Christian, proceeding pro se, brought federal civil rights claims pursuant to 42 U.S.C. § 1983 and state law claims against New Hampshire State Trooper Anderson and Grafton County officials and employees, arising from the circumstances of a traffic stop that lead to Christian’s arrest and brief incarceration at the Grafton County House of Corrections.  The defendants moved for summary judgment.  The court held, based on undisputed facts, that the minimal force used by Trooper Anderson to remove Christian from her car and to place her in the cruiser was reasonable and that no sexual assault occurred, entitling Anderson to summary judgment on Christian’s federal claims against him.  Christian’s claims against the Grafton County defendants were based on booking procedures she experienced at the jail, which Christian asserted included a strip search.  The court concluded that Christian could not prove that she was strip searched based on a county practice or policy, entitling the county to summary judgment.  As to the individual defendants, the court held that a material factual dispute existed as to whether the “clothing exchange” constituted an unconstitutional strip search.  The court also held, however, that the defendants were entitled to summary judgment based on qualified immunity because it was not clearly established in 2002 that a clothing exchange was an unconstitutional strip search.  The court declined supplemental jurisdiction over the state law claims. 16 pages.  Judge Joseph DiClerico, Jr.

 

STATUTE OF LIMITATIONS

 

9/25/07 Michaud v. McAnaney

Case No. 06-cv-408-SM, Opinion No. 2007 DNH 118

 

The court denied defendant’s summary judgment motion in this personal injury action, holding that RSA 508:4-g, which includes a three-year statute of limitations, must be construed as operating prospectively only.  Accordingly, the court concluded that the statute does not reduce the limitation period from six years to three years for plaintiffs asserting civil claims arising out of child sexual abuse that occurred prior to 1986.  10 pages.  Chief Judge Steven J. McAuliffe.

 

TITLE VII

 

8/14/07 Jack Vaughan v. Bernice A. Ray Elementary School, et al.

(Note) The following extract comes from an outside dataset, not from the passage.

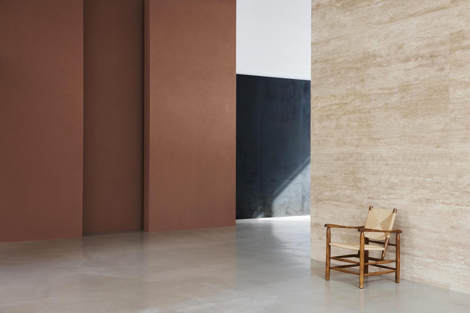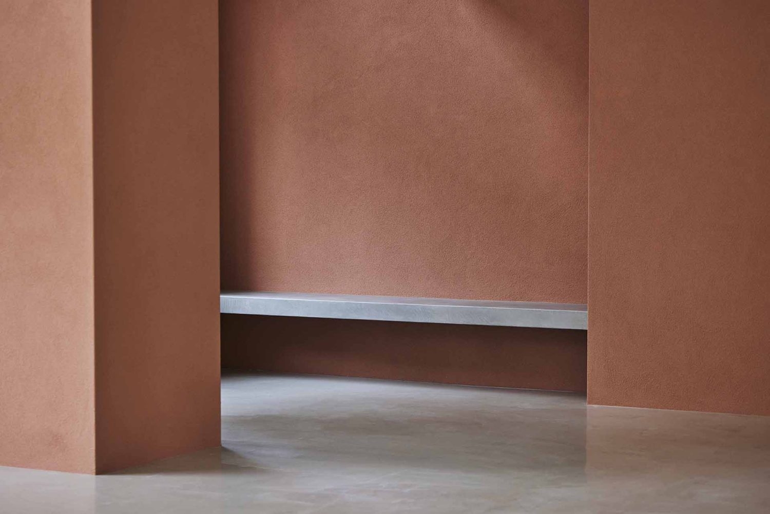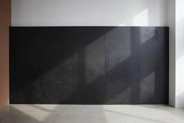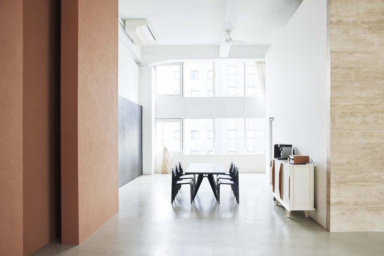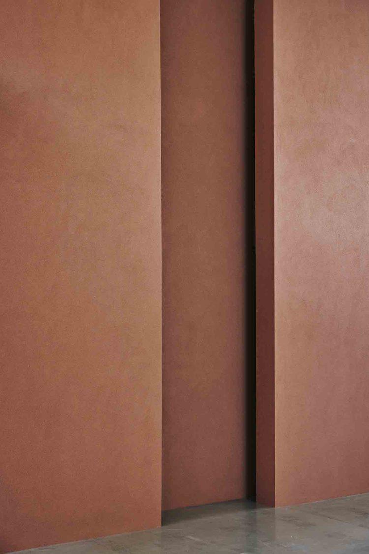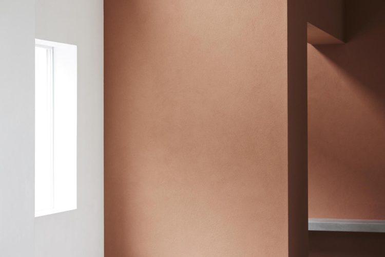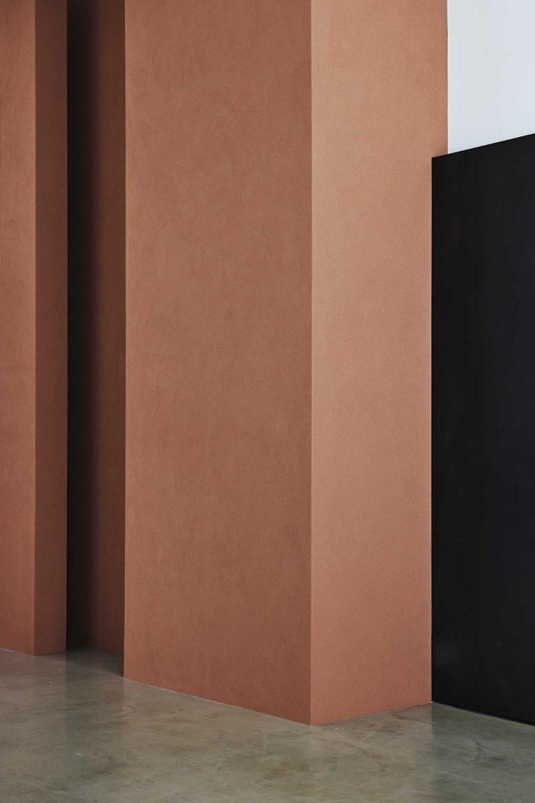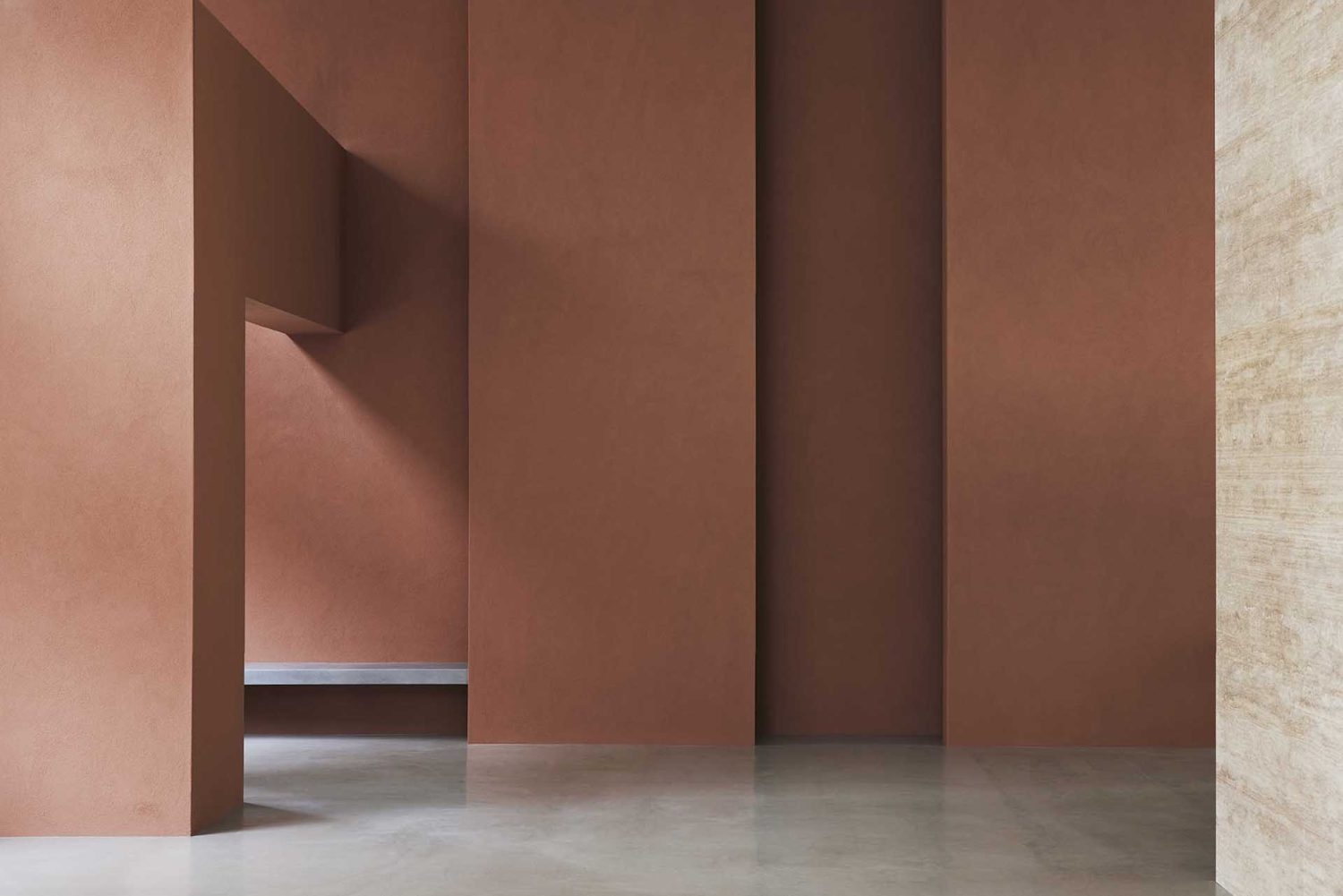 左官職人が仕上げたテラコッタカラーの立体的な壁面、優美なコントラストが印象的な大理石とチーク材の壁面、エイジングに時を費やした黒錆の壁面、柔らかな日差しが差し込むライトグレーの土壁、モダンな特大サイズの可動壁は大開口の窓際に設置することにより綺麗な日差しを捉えます。

Case No. 05-cv-223-JD, Opinion No. 2007 DNH 112

 

Vaughan brought a claim of gender discrimination under Title VII of the Civil Rights Act and a state law defamation claim against the school where he had been employed as a teacher’s aide, the superintendent, the principal, and the assistant principal.  The school terminated Vaughan’s employment based on his interactions with second grade female students and his refusal to modify his behavior.  Vaughan contended that his employment was terminated because he is male while female teachers were allowed to have such contact with students.  The defendants moved for summary judgment.  The court concluded that the undisputed facts established that Vaughan’s contact with female students caused legitimate concerns and that his “defense” of his actions along with a tape of love songs he gave to one of the students confirmed his inappropriate motivation.  The court granted summary judgment on the federal claim and declined supplemental jurisdiction as to the state law claim.  11 pages.  Judge Joseph A. DiClerico, Jr.